In the entries that follow, the line with "未使用 任天堂謹製 小倉百人一首" opens the range and the line with "Февраль 2025 года" closes it; repeat that range exactly, both lines included.

*EXCERPTED RECORDS:*
───

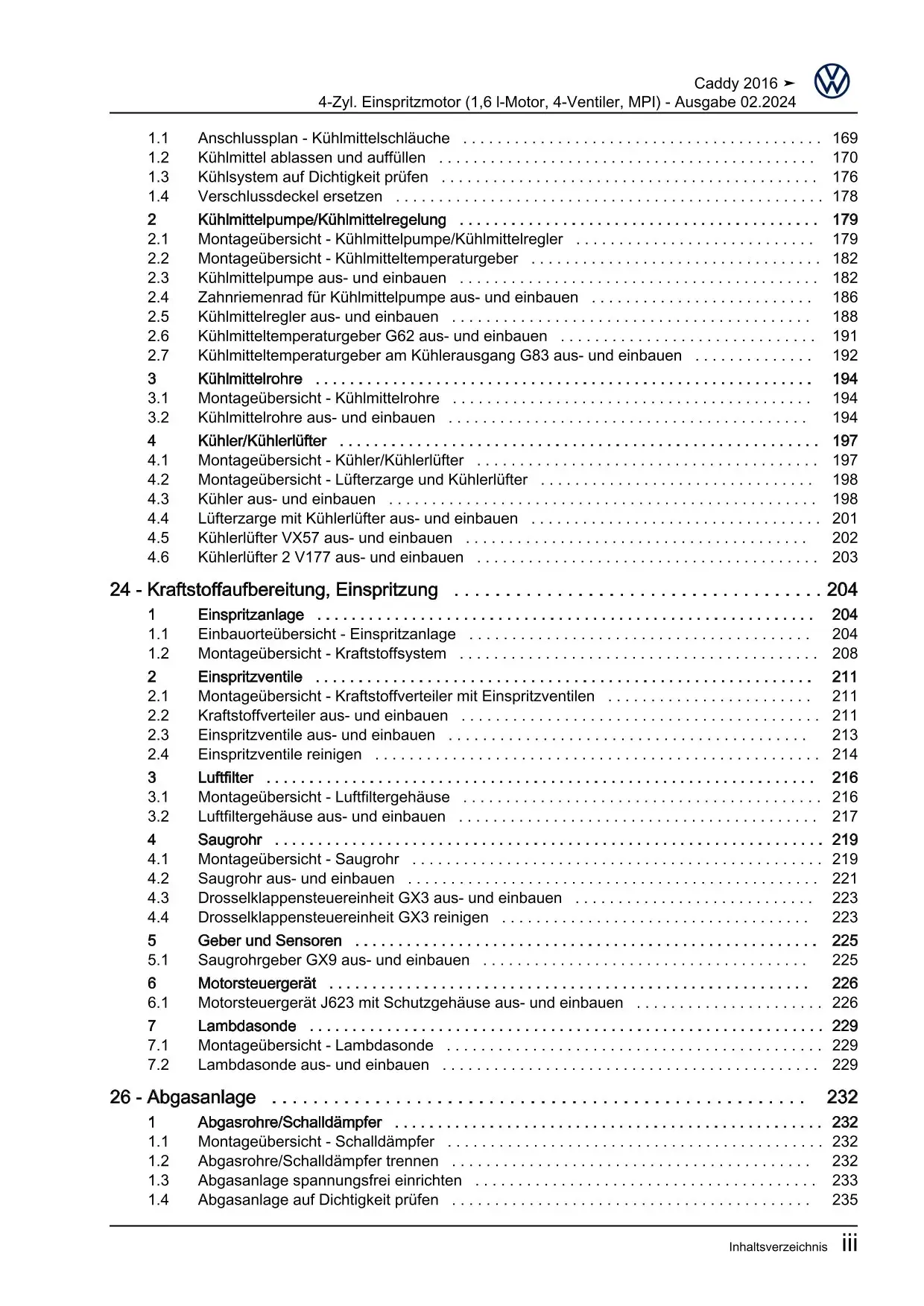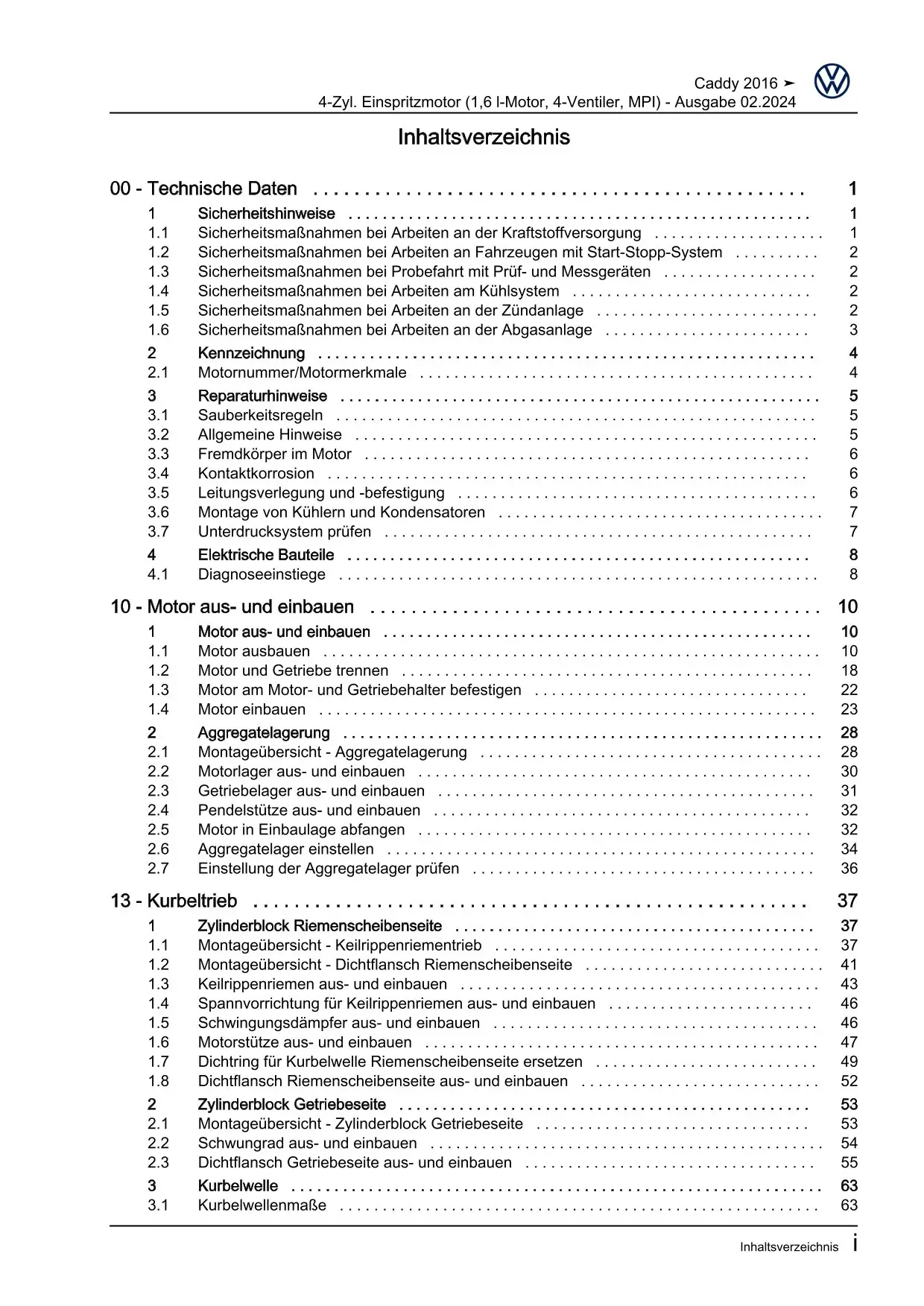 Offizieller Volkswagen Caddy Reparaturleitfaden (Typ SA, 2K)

───

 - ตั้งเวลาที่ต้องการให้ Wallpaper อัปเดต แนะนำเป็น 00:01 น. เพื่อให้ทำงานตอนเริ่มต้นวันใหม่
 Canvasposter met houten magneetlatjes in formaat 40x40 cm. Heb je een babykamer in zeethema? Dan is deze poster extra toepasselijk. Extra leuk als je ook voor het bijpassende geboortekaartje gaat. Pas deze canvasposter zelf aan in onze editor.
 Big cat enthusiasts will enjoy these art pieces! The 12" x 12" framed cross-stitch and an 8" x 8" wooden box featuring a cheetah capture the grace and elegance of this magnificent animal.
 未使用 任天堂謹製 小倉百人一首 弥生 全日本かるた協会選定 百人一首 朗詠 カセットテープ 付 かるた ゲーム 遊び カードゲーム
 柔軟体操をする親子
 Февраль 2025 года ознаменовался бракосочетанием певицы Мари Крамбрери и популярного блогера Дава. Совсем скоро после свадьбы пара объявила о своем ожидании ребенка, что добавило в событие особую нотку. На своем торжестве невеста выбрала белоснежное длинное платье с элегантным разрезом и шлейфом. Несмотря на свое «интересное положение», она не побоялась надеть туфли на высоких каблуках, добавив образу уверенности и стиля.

───

*EXERCISE RESPONSE:*
 未使用 任天堂謹製 小倉百人一首 弥生 全日本かるた協会選定 百人一首 朗詠 カセットテープ 付 かるた ゲーム 遊び カードゲーム
 柔軟体操をする親子
 Февраль 2025 года ознаменовался бракосочетанием певицы Мари Крамбрери и популярного блогера Дава. Совсем скоро после свадьбы пара объявила о своем ожидании ребенка, что добавило в событие особую нотку. На своем торжестве невеста выбрала белоснежное длинное платье с элегантным разрезом и шлейфом. Несмотря на свое «интересное положение», она не побоялась надеть туфли на высоких каблуках, добавив образу уверенности и стиля.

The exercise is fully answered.